Сначала я собирался снимать «Хаджи-Мурата». Это был сценарий, который году в 65 — 66-м написал для себя вместе с Расулом Гамзатовым и Владимиром Огневым Георгий Николаевич Данелия. Тогда их картина не состоялась, и вот в середине 80-х я обратился к Георгию Николаевичу с просьбой уступить мне этот сценарий. На Киностудии имени Горького была создана группа, мы поехали выбирать натуру, объездили весь Дагестан, но тут вышла повесть Приставкина «Ночевала тучка золотая…». Анатолий Игнатьевич позвонил мне, предложил встретиться. Помню, как он мне сказал: «Хаджи-Мурат» — это классика, никуда он от тебя не денется, а вот с моей повестью неизвестно, что случится. Пока идет перестройка — есть возможность ее снять…» Как знать, если бы я снял тогда «Хаджи-Мурата», он бы на что-то людям глаза открыл?

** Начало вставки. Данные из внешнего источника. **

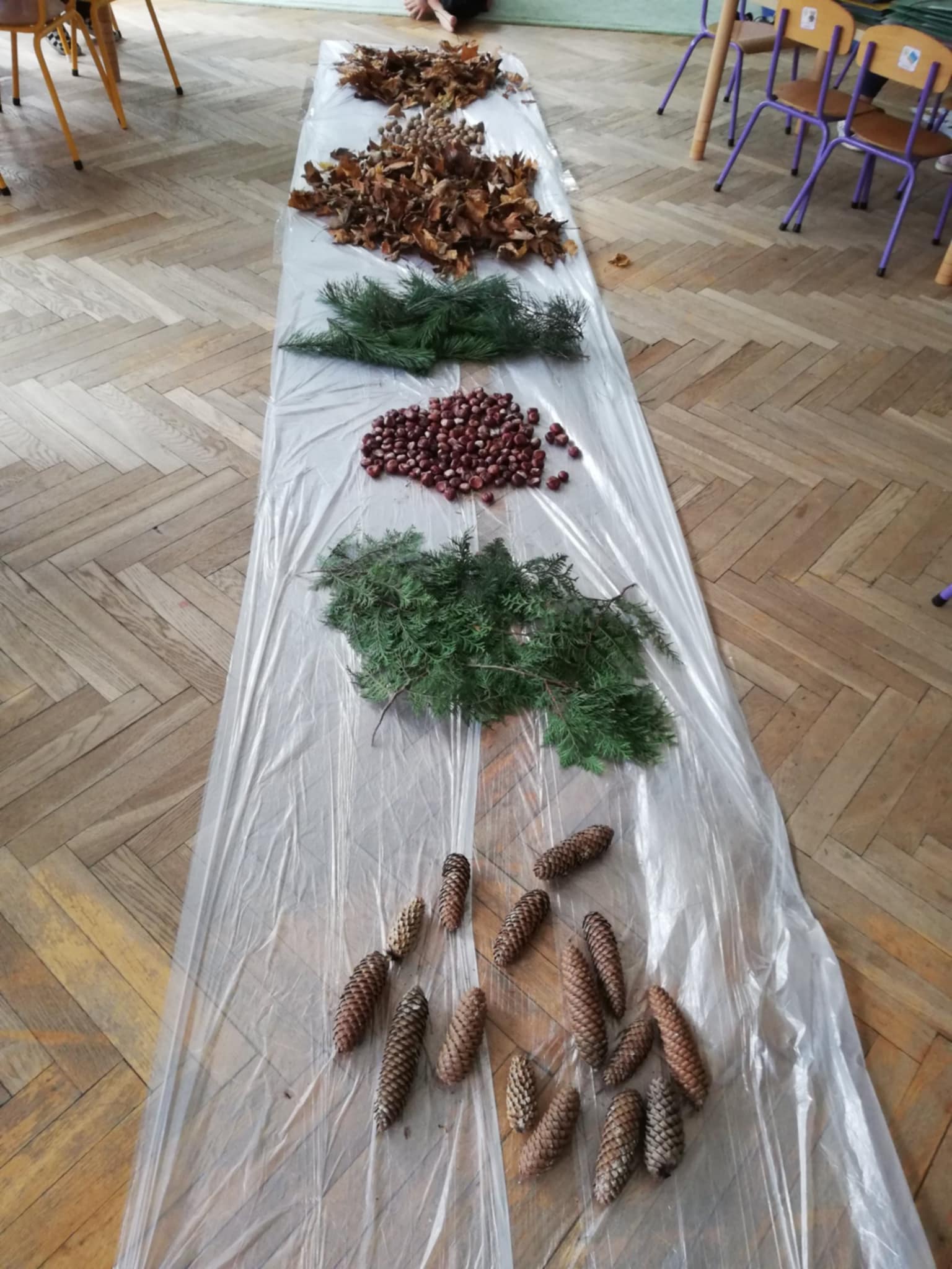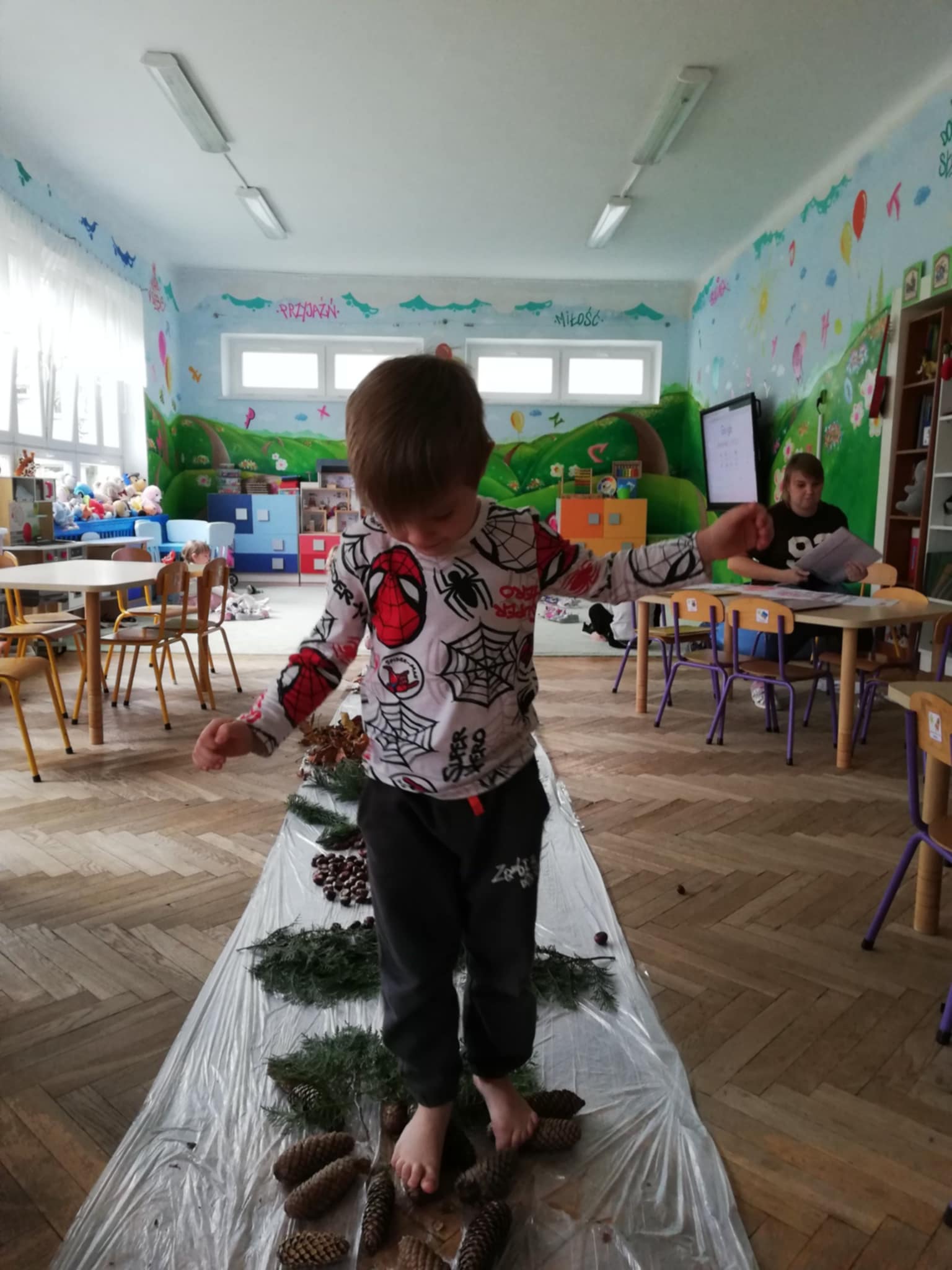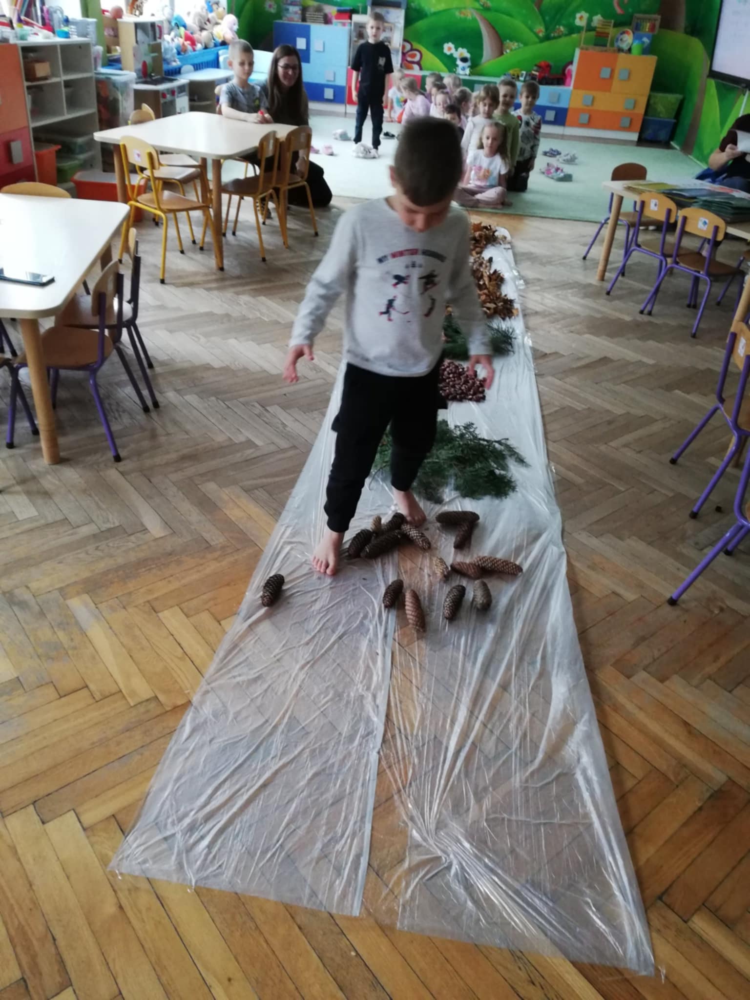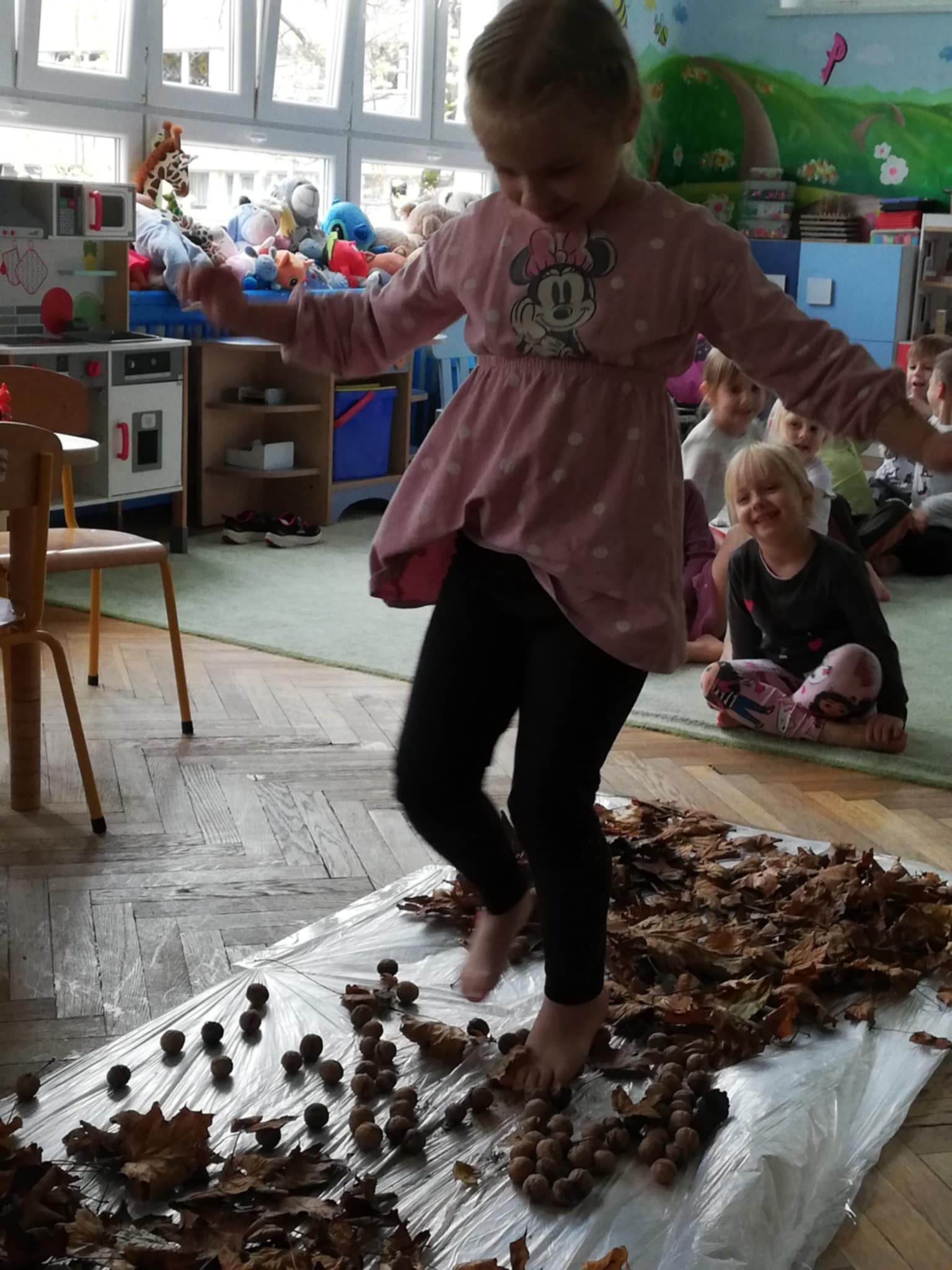 Uwielbiamy chodzić boso, więc Pani wychodząc naprzeciw naszym potrzebom zorganizowała w sali jesienną ścieżkę sensoryczną. Spacerowaliśmy po liściach, kasztanach, szyszkach, orzechach po gałązkach iglaków. Doznania super. Wszystkim bardzo się podobało:)

Вместе с Приставкиным я ездил в Чечню после первой войны. Тогда еще не было теперешних разрушений, но все равно чувствовал я себя жутко. Ходил по улицам Грозного и не узнавал их: вот тут была площадь, тут стояли дома, а теперь одни развалины. У входа в парк, в котором находилась студия телевидения, где я когда-то работал, на деревьях висела размотанная кинопленка, везде валялись яуфы, а на месте самой студии зияла дыра. С нами был оператор, он немного поснимал, к сожалению, все снять было просто немыслимо.
А поехали мы туда, потому что задумали с Приставкиным документальную картину по следам «Тучки», хотели проследить, что могло произойти за это время с нашими героями. Увы, так и не нашлось спонсоров, которые помогли бы нам осуществить эту идею. Мы побывали там, где в 80-е работала наша съемочная группа и где когда-то мальчиком жил Анатолий Игнатьевич. Нашли те «ямки» (так называют серные источники), в которых в войну купались детдомовцы, а теперь купаются беженцы, постояли рядом, повспоминали свое детство…
4. Кому я сочувствую? На этот вопрос ответить невозможно. Фраза «На чьей вы стороне?» раскалывает нас на два лагеря, что, собственно, и нужно тем, кто затеял эту страшную войну.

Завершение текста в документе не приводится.